I started out down the highway when I noticed that the drive train was making a strange noise. I looked down and saw that I had broken one side of another link on my chain. I turned around and headed back the two km to the lodge at Liard Hot Springs. This time I decided to replace the entire chain (I picked one up in Fort Nelson).
I had been hearing about the Liard Buffalo for weeks: “They are monsters, some weighing 2,000 pounds.” “They hang around on the road cause they like the salt.” “they will not move for anything. You just have to wait for them to leave the road.” How would they react to a lone cyclist when a 50 ton semi does not phase them? Needless to say, I left Liard with a great deal of apprehension.
I was not 10 km down the road when a guy I met at the lodge drove back to warn me of a herd on the road 5 km ahead. He offered to put the bike in the back of the truck and give me a ride through the danger. I told him of the importance, to me, of riding every meter under my own power and I asked if he had some time and if he would wait where they were for me. He agreed and I met up with him 5 km ahead. He would drive along side me and at any sign of danger I could jump in the truck.
It turned out that bicycle is much more scary to a bison than a semi and the sight of me sent them running for the ditch. Thank goodness the instinct of flight is much stronger in herbivores than the instinct to fight.
For the next 200 km I encountered bison. They would run along side the road at approximately the same speed as me until they found a clearing in the woods to run into. At one point I “chased” three for a couple of kilometers until I hit a down hill stretch where I could out run (ride) them. This was somewhat disconcerting as I wondered if eventually they would decide they could not out run me and turn to confront me. I slowly passed them. A couple of kms further up the road I looked back. Now the the three were on the road and still running, towards me. Had the chaser become the chased? The hill ahead meant that they could catch me if that was their intent. I struggled up the hill looking back every minute. Eventually they gave up their pursuit, or whatever it was that led them to continue running.
At times I was startled when a lump of snow in the ditch started to move then got up and ran into the bush. The guy below barely acknowledged my presence as I stopped to take his picture.
I was treated to a colourful display as the sun slowly descended the evening I left Liard. Colours here contrast sharply against what is a very black and white world.
As I have made my way north the increasing snow cover has made camping in the woods a difficult prospect (dragging my gear through waist deep snow is no fun). I have therefore had to find alternative camping sites. Mostly that has meant camping in rest stops, but these offer little protection from the wind. In Coal River I camped behind a lodge that was closed for the season.
In Contact Creek I camped near a gas station. It was nice to get out of a cold tent and warm up in the store straight away.

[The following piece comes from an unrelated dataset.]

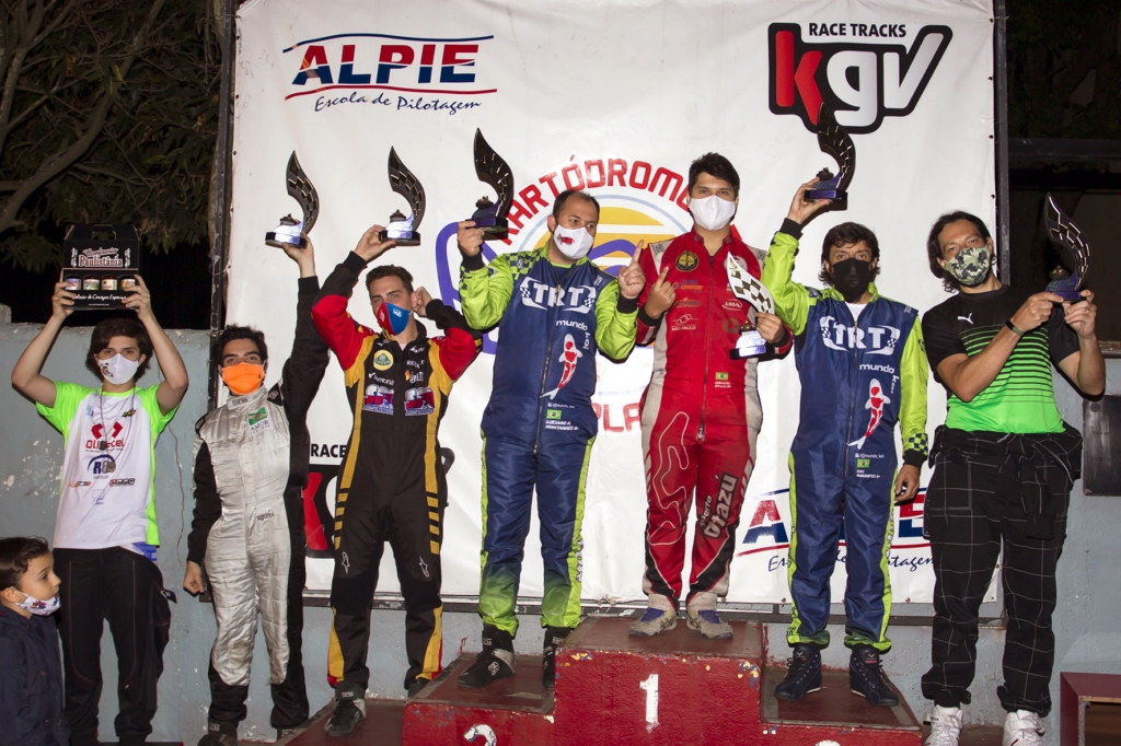 Compartilhar no Facebook Compartilhar no Twitter Compartilhar no Google+ Compartilhar no Pinterest Luciano Montanhez (Elite), Beto Dicker (Graduados), Edu Abrantes (Sênior) e Gabriel Medina (Light) são os líderes na classificação Geral. Alberto Otazú (Elite), Beto Dicker (Graduados), Edu Abrantes (Sênior) e Gabriel Medina (Light) lideram o segundo turno. Pódio da Elite da AKSP (Foto:EmersonSantos/One Photography Media) A cada etapa o campeonato da Associação dos Kartistas de São Paulo (AKSP) se mostra mais surpreendente e competitivo, sempre apresentando novos vencedores e novos líderes. E as provas da penúltima rodada, realizada no último fim de semana (21/11), confirmaram estas expectativas. Os vencedores foram Alberto Otazú (Elite), Leonardo Ferreira (Graduados), Luiz Gouvêa (Sênior) e André Alves (Luiz). E faltando apenas uma etapa para a definição dos campeões, os líderes do segundo turno são Alberto Otazú (Elite), Beto Dicker (Graduados), Edu Abrantes (Sênior) e Gabriel Medina (Light), enquanto que na tabela de pontuação da temporada os ponteiros são Luciano Montanhez (Elite), Beto Dicker (Graduados), Edu Abrantes (Sênior) e Gabriel Medina (Light). A principal categoria proporcionou a corrida mais acirrada. Luciano Montanhez estabeleceu a pole position, seguido de Edu Abrantes, Alberto Otazú, Augusto Coutinho e Biel Gregório. Logo Montanhez, Otazú e Abrantes se destacaram, com os dois primeiros chegando a trocar de posição na liderança. Até que Alberto percebeu que não tinha equipamento para liderar e ficou no vácuo dos dois primeiros para aguardar algum erro de seus concorrentes. E foi o que aconteceu. Faltando cinco voltas ele passou para a vice liderança e já abriu uma folguinha sobre Edu, na antepenúltima volta fez a volta mais rápida (1min06s590) e ultrapassou Luciano, para abrir meio segundo (0s588) até a bandeirada. Com este resultado Otazú passou a liderar o segundo turno e está a apenas 7,5 pontos de Montanhez, que é o líder na classificação geral da temporada. Na categoria Graduados Marcelo Argenton garantiu a pole position, seguido de Leonardo Ferreira e Rogério Cebola, que foram os protagonistas desta prova. Depois de acirrada disputa no início, Ferreira assumiu a ponta e foi abrindo vantagem, marcando o giro mais rápido (1min06s300) na 15ª volta. Ele chegou a abrir 4s145 de vantagem para conquistar a sua primeira vitória, com Cebola em segundo e Argenton em terceiro. Beto Dicker, que terminou em quinto, além do segundo turno, assumiu a liderança da classificação geral, apenas seis pontos à frente de Matheus Roque. Entre os veteranos da Sênior, um novo vencedor e que dominou totalmente a penúltima etapa. Luiz Gouvêa largou da pole position, fez a volta mais rápida (1min07s040), e venceu com apenas 0s106 sobre Jorge Filipe, na chagada mais apertada. Marco Verga foi o terceiro. Mesmo terminando em sexto, Edu Abrantes continua liderando o segundo turno e a pontuação geral, 11,5 pontos à frente de Verga. Já a prova entre os menos experientes foi bem dinâmica. José de Jesus Gonçalves foi o pole position da Light, liderou as primeiras voltas, mas teve um pneu furado e foi obrigado a trocar de kart e caiu para as últimas posições. Hélio Matias assumiu a liderança, e numa disputa Marcelo Costa foi jogado para fora por ele. Melhor para André Alves, que após largar em quarto foi só se aproveitando dos problemas dos outros para liderar e vencer pela primeira vez com 0s378 sobre Igor Pacanari, autor da volta mais rápida (1mn07s489). Terceiro na prova, Gabriel Medina ampliou a sua liderança no campeonato para cômodos 25 pontos sobre José Gonçalves. Além da premiação no pódios aos primeiros colocados em cada prova, houve a premiação para Leonardo Ferreira, autor da volta mais rápida do dia entre todas as categorias, que ganhou uma luva personalizada da DKR, e para a pole position mais rápida do dia, de Luciano Montanhez, que levou uma camiseta personalizada com motivo de kartismo criada pela Harderthan. E a SM Reparação de Veículos ofereceu vários troféus exclusivos para estes premiados, além de divertidos troféus com vários motivos, e ainda sorteou um macacão Meg Star entre os pilotos que anteciparam pagamento, em que o sortudo foi Ricardo da Veiga Cesar. Como o segundo turno da AKSP distribui o dobro de pontos do torneio inicial, agora serão até 38,5 pontos em disputa na etapa final, que será realizada no dia 5 de dezembro. Além disto, quem participou de todas as etapas do ano receberá uma bonificação de mais cinco pontos. Consequentemente, as disputas em todas as categorias estão em aberto. Resultado da 5ª e penúltima etapa da categoria Elite da AKSP: 1) Alberto Otazú, 16 voltas em 18min54s996; 2) Luciano Montanhez, a 0s588; 3) Edu Abrantes, a 0s717; 4) Biel Gregório, a 3s648; 5) Tiago Vargas, a 13s176; 6) Augusto Coutinho, a 15s237; 7) Gabriel Roque, a 19s090; 8) João Vitor Gregório, a 19s499; 9) João Viegas, a 29s973; 10) Igor Mei, a 31s473. Confira a pontuação do segundo turno da Elite depois da penúltima etapa: 1) Alberto Otazú, 64 pontos; 2) Luciano Montanhez, 61,5; 3) Igor Mei, 57; 4) Tiago Vargas, 57; 5) Edu Abrantes, 51; 6) Gabriel Roque, 39; 7) João Vitor Gregório, 39; 8) Biel Gregório, 25,5; 9) Henrique Morbi, 25; 10) Fábio Laranjo, 21; 11) Gustavo Pincelli, 19,5; 12) Valdo ‘Nenê’ Gregório, 18. Confira a pontuação da Elite após a penúltima etapa: 1) Luciano Montanhez, 111,5 pontos; 2) Alberto Otazú, 104; 3) Edu Abrantes, 87; 4) Igor Mei, 85; 5) Tiago Vargas, 83; 6) Gabriel Roque, 81; 7) Fábio Laranjo, 65; 8) João Vitor Gregório, 63; 9) Henrique Morbi, 61; 10) Biel Gregório, 55,5; 11) Valdo ‘Nenê, 49; 12) Johnny Neves, 47; 13) Gustavo Pincelli, 45,5; 14) Zeppe Corsi, 39; 15) Vitor Mercatelli, 37; 16) Nelson Reple, 33; 17) Fábio Cedro, 32; 18) Rodrigo Caldeira, 31; 19) Felipe Franco, 30; 20) Marcos Gelsi, 26. Resultado da 5ª e penú

From Contact Creek I made my way to Watson Lake and my Couch Surfing hosts Barry and Sue, and their dog Robie.
When I took off my socks, I suddenly realized that I had been careless with my feet. They had been numb for days. I managed to get frostbite on three toes without feeling a thing.
Spent the next few days in Watson Lake worrying about my toes, preparing for the next leg of the trip, and seeing the sights. The most famous of the sights is the Signpost Forest. The guy at the Northern Lights Centre said it is the largest collection of stolen public property in the world.
I was also treated to a winter storm. Love them.
Before I left for my next leg of the journey I made sure to stock up on 7 days of food and extra treats, as the snacks on my way to Watson Lake had run out, and during the day I was munching on dry pasta.
For the next stretch of the road I will be heading to Whitehorse, passing through Rancheria, Teslin & Marsh Lake.